While the AC and guidance from the International Civil Aviation Organization (ICAO) provide standardized procedures for managing lithium battery fires in flight, a number of aviation authorities and operators have begun to move beyond minimum regulatory compliance.
As phones, tablets, laptops, e-cigarettes, and power banks — all powered by high-density cells — have become standard carry-on items, recent measures adopted across Asia, Europe, and North America have shown a growing institutional recognition of lithium-ion battery risks. The European Union Aviation Safety Agency (EASA) released Safety Information Bulletin 2025-03, urging operators to strengthen passenger awareness campaigns, improve cabin crew training, and enhance screening procedures for battery-powered devices and spare cells. Some carriers have gone further, voluntarily introducing restrictions on device watt-hour thresholds, banning charging during flight, or limiting the number of devices carried per passenger. These initiatives — though not uniform — signal a shift toward more proactive, systemic approaches to onboard battery risk management.
However, despite these efforts, there remains a critical gap — not in equipment, procedures, or technical knowledge but in perception and integration. In most current operational settings, the passenger — the individual closest to the point of ignition — is not yet fully integrated into the safety equation.
Put simply, the people who bring the lithium batteries on board are best positioned to make sure those batteries are stored and handled safely—if the industry will only inform them.
This observation is not a criticism of the industry’s progress. On the contrary, aviation has made substantial strides toward adopting the principles of Safety-II, as formalized in ICAO Doc 9859. However, the operational treatment of passengers in the context of lithium battery risk continues to reflect a Safety-I mindset: Passengers are seen as potential hazards to be contained rather than as active contributors to resilience.
The Conceptual Shift
Safety-I, as defined by human factors expert James Reason, focuses on the prevention of adverse outcomes through prescriptive procedures, error control, and post-event analysis.1 Under this model, passengers are expected to follow safety instructions but are not considered capable participants in the detection or mitigation of in-flight hazards.
In contrast to Safety-I, which seeks to reduce adverse outcomes by enforcing compliance and controlling variability, Safety-II defines safety as the ability to succeed under varying conditions.2 It focuses on what goes right, emphasizing system flexibility, adaptability, and resilience. Building on this foundation, human factors professor Sidney Dekker expands the concept by reframing safety not as the absence of error but as the presence of adaptive capacity.3 Within this Safety-II frame, passengers — when adequately informed — are no longer seen merely as sources of risk to be constrained. Instead, they can act as active safety contributors, functioning as decentralized sensors capable of recognizing anomalies, alerting crew, and helping prevent escalation.
However, for this to occur, passengers must be consciously integrated into the safety ecosystem. This means going beyond passive messaging and adopting a more deliberate strategy of risk communication, especially regarding lithium battery behavior. Studies have shown that warning signs of thermal runaway, such as unusual heat, smoke, or noise, often occur before ignition. If a nearby passenger is trained — even minimally — to recognize and report these signs, valuable seconds can be gained.

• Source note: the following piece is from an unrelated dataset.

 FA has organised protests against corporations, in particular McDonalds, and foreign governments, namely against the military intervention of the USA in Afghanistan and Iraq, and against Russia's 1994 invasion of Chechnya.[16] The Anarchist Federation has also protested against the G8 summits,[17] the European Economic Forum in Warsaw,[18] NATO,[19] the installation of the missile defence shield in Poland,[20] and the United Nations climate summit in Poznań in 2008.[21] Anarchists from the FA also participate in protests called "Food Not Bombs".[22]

A Persistent Safety-I Lens
Despite meaningful progress in safety management policies over the past two decades, a notable gap remains between formal compliance and the cultural realities of frontline operations. Many aviation organizations have formally adopted Safety-II principles, as reflected in internal programs and strategic documents. However, as Dekker emphasizes, organizational culture does not transform at the same pace as policy.4 While management may speak in the language of resilience and adaptability, the deeper behavioral logic of daily operations often reflects a legacy of Safety-I thinking.
This disconnect becomes evident in how passengers are framed in safety strategies related to lithium battery risk. Under a Safety-I approach, passengers are implicitly treated as uncontrolled variables — sources of potential noncompliance whose behavior must be constrained. The prevailing focus remains on containment: compliance-based warnings, procedural restrictions, and operational barriers. Nevertheless, this framing overlooks a key opportunity within the Safety-II paradigm, which sees variability not only as a source of risk but also as a potential resource for resilience.

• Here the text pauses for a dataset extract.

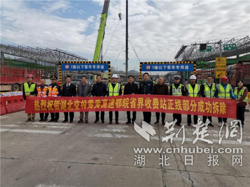 該省界站車流量大,拆除任務艱巨。為確保該站在拆除期間通行正常,鄂東項經部派員24小時輪流現場值守,負責現場安全設施維護、車輛引導、配合交警路政單位等相關工作,保證有序組織施工作業,保證了施工安全。收費站輔線部分保持正常收費運營并于明年全國收費系統聯網運行后開始實施拆除。

Dekker expands on the original Safety-II concept by highlighting that people at the sharp end — crew, ground staff, and even passengers — can play a proactive role in maintaining safety, particularly in complex, time-sensitive situations.5 ICAO’s Doc 9859 reinforces this notion by stating that safety is emergent, arising from the dynamic interaction of system components under real-world conditions.

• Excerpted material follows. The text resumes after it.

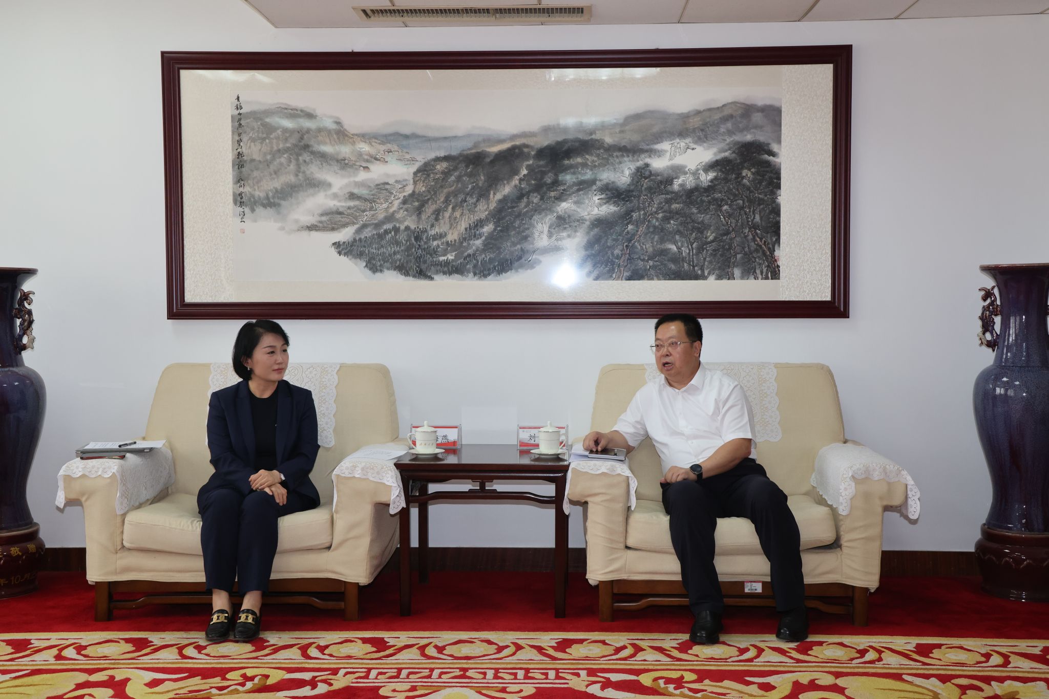 交流座谈会前,刘宗明会见了刘海燕一行。他对齐成控股集团对学校的关心支持表示感谢,并简要介绍了williamhill的历史沿革、学科建设、科研成果和人才培养等方面的基本办学情况。他指出,双方在产学研就等方面具有高度契合点,前期就业实习基地的建立奠定了良好的合作基础,期待双方未来能开展更广泛的合作,充分发挥williamhill的智力优势,为企业高质量发展注入新动能,共同谱写校企合作新篇章。

Nonetheless, this potential remains underutilized. The cultural lens through which passengers are viewed continues to be shaped by Safety-I assumptions: Risk must be minimized by controlling human behavior rather than supported by enabling informed human contribution. This framing contributes to systemic inertia — a kind of cultural lag — that slows the integration of Safety-II practices, not due to a lack of will or awareness but because of ingrained models of risk management that persist beneath formal surface-level change.
Local Rationality and the Passenger
The principle of local rationality is central to understanding passenger behavior. As Dekker argues, people make decisions that are locally sensible based on the information and cues available to them.6 If passengers are unaware of the thermal risks posed by their devices, or if their exposure to lithium battery safety information is limited to small print on a website, they are unlikely to act preemptively.
The UL Standards & Engagement 2024 survey of over 800 cabin crewmembers confirms this gap: Only 46 percent believe current messaging to passengers is effective.7 This reinforces the idea that, in practice, the passenger is still treated as an externality to the safety system — not as a barrier but as a variable to manage.
Toward Cultural Realignment
The lithium-ion battery threat does not emerge from negligence but from the complexity of modern air travel systems. Despite clear regulatory guidance, cultural implementation often lags, and safety practices drift from their intended design — a dynamic described by Dekker.8
Passengers may be unaware of what constitutes a fire risk, and even well-trained crewmembers can gradually normalize the absence of incidents as the norm. This shift, though subtle, erodes the operational vigilance required to manage battery-related hazards effectively.
Safety-II does not merely suggest that variability can be tolerated — it asserts that it is essential to success under real-world conditions. Passengers positioned at the very edge of the operational environment are not statistical outliers or compliance risks. They are latent assets whose proximity to emerging hazards gives them a unique role in sensing, reacting, and informing safety actions.
To continue excluding passengers from the safety architecture is to uphold a Safety-I worldview that reduces resilience to rule-following. However, resilience, as understood in Safety Science, is not compliance — it is adaptive capacity. A system that fails to recognize the passenger as part of this capacity is a system that remains incomplete.
Including the passenger as a safety asset is not a theoretical innovation — it is alignment with how safety emerges in complex systems. The next threat may not be mitigated by procedures alone. It will be mitigated by awareness, proximity, and the timely action of all system participants. In the cabin, resilience will only become real when the passenger is no longer outside the safety equation — but inside it.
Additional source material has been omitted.